Итак, "Белый шум" Делилло.
Ну как же я могла не прочесть этот роман, если он у меня аж в 5 списках фигурирует, включая 1001 книгу, 100 лучших романов 20 века на английском, и главное - входит в списки для чтения моего любимого литературного критика, замечательного Гарольда Блума.
Недавно слышала мнение, что Делилло умеет говорить просто о важном.
О важном - да, просто - нет. Постмодернизм Делилло совсем не прост, он стилизован под простоту, но совсем совсем не прост.
Я вижу в этом романе три уровня - философский, интеллектуальный и эмоциональный.
Делилло дает интересный и точный анализ современного общества, общества потребления, и возможно здесь действительно сказывается влияние философской работы Бодрийяра "Общество потребления", о которой я написала тут
Например, стилистически прекрасно сделанная сцена в крупном торговом центре , где героя романа впервые наконец-то охватывает страсть шопинга (о как давно его родные ждали этого момента!), явно перекликается с той частью работы Бодрийяра, где он анализирует торговые центры и их роль в современном обществе потребления.
Темы роли и места телевидения, радио, средств массовой информации и рекламы в обществе потребления тоже очень сильно перекликаются с идеями Бодрийяра.
Адекватно рассказать об этом романе сложно. Наверное поэтому здесь только одна, и что показательно, отрицательная рецензия. В инете тоже мало чего находится, в основном отрицательные отзывы. Наверное это потому, что гораздо проще рассказать о том, чем не понравился этот роман и в чем его слабости, чем адекватно объяснить, чем же он силен.
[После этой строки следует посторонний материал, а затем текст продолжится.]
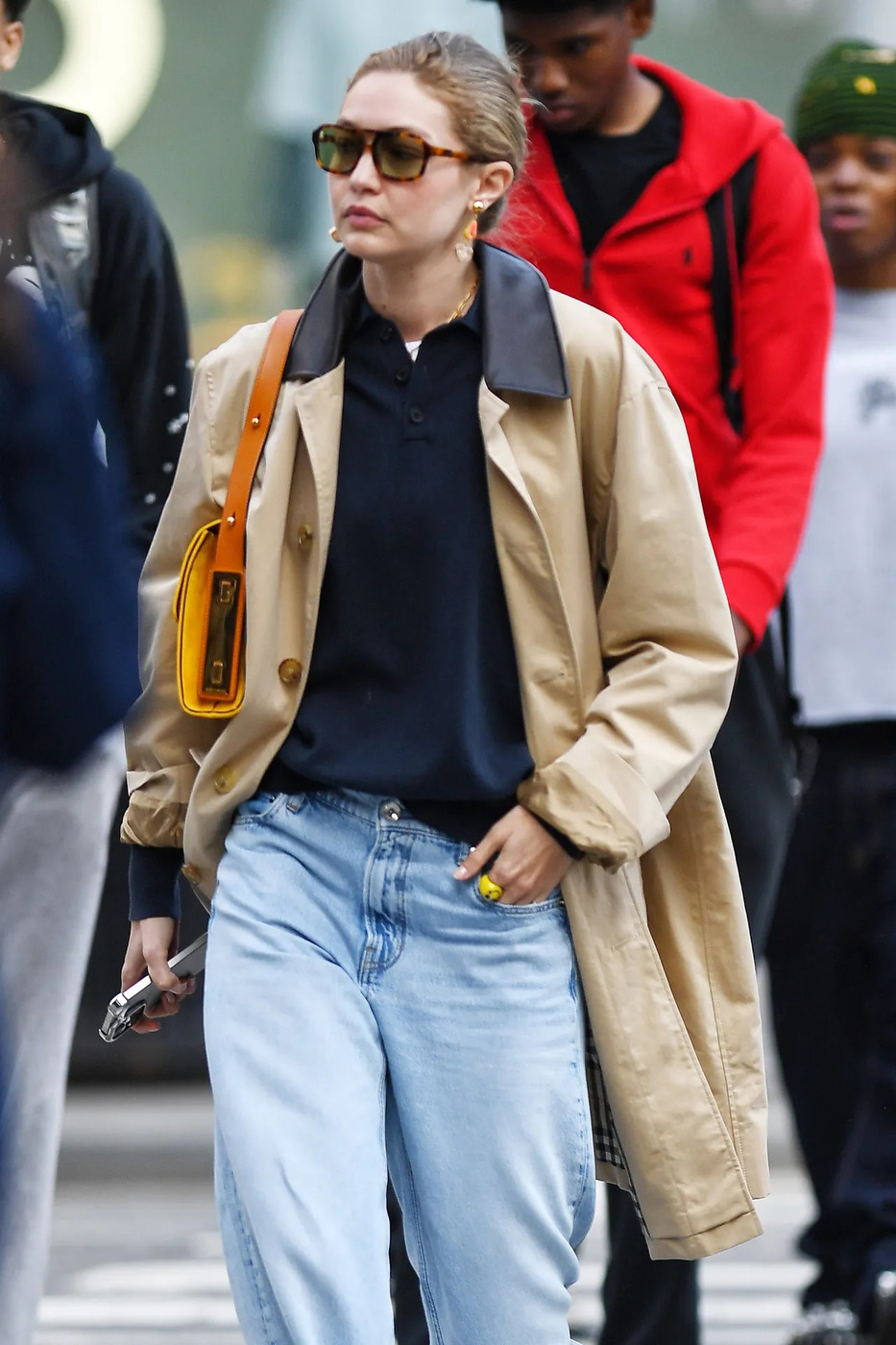 뉴욕 거리에서 포착된 지지 하디드처럼 입어보세요. 청바지라는 만능 아이템을 중심에 두고 프레피 룩의 요소를 아주 영리하게 버무려냈거든요. 흔히 프레피 룩 하면 떠오르는 몸에 딱 맞는 폴로 티셔츠와 슬림한 치노 팬츠 대신, 지지는 넉넉한 실루엣의 배기 진을 선택했습니다. 자칫 고루해 보일 수 있는 네이비 폴로 티셔츠를 헐렁한 데님 위에 툭 걸치니, 단숨에 쿨한 프레피 스타일이 완성됩니다. 여기에 깃이 단정한 베이지 카 코트를 매치해 격식은 갖추되, 가죽 칼라 디테일로 뻔하지 않은 디테일을 더했죠.

Кто-то называет этот роман абсурдисткой драмой с сатирой на университетскую жизнь, кто-то - абсурдистской комедией с сатирой на семейную жизнь, кто-то антиутопией, кто-то фантасмагорией. Во всех этих оценках есть своя доля правды. Роман сложен, многопланов, неровен по своей стилистике, и неоднозначен. Некоторые моменты просто гениальны, некоторые скучны, затянуты, сентиментальны и утрированы.
Итак, жил да был Джек Глэдни, профессор в маленьком провинциальном американском колледже, создавший себе кафедру исследований Гитлера, и успешно ее возглавляющий. Джек женат в пятый раз на своей первой (или второй, не помню) жене, в их многочисленном семействе 4 постоянно проживающих ультра-современных отпрыска (образы детей очень понравились), несколько бывающих наездами детей от других браков, и время от времени появляющиеся и исчезающие бывшие жены и мужья.
Джек очень боится смерти, и, как выясняется впоследствии, его жена тоже. Тема смерти и вечно присутствующего "белого шума" смерти одна из главных в романе, и эта тема разработана Делилло мастерски и стильно.
В какой-то момент к темам потребления, СМИ и университетской жизни, добавляется тема апокалипсиса, случается экологическая катастрофа и вот мы уже из сатиры оказались в некоторой антиутопии и своего рода трагедии.
Но потом все возвращается на круги своя, и мы опять в сатире, комедии и очень умном повествовании.
За интересные темы и стилистику романа я бы дала 5 баллов, но из-за некоторых слабых мест, это все-таки 4.
"Белый шум" - постмодернисткий знаковый, современный, стильный, умный роман. Рекомендую.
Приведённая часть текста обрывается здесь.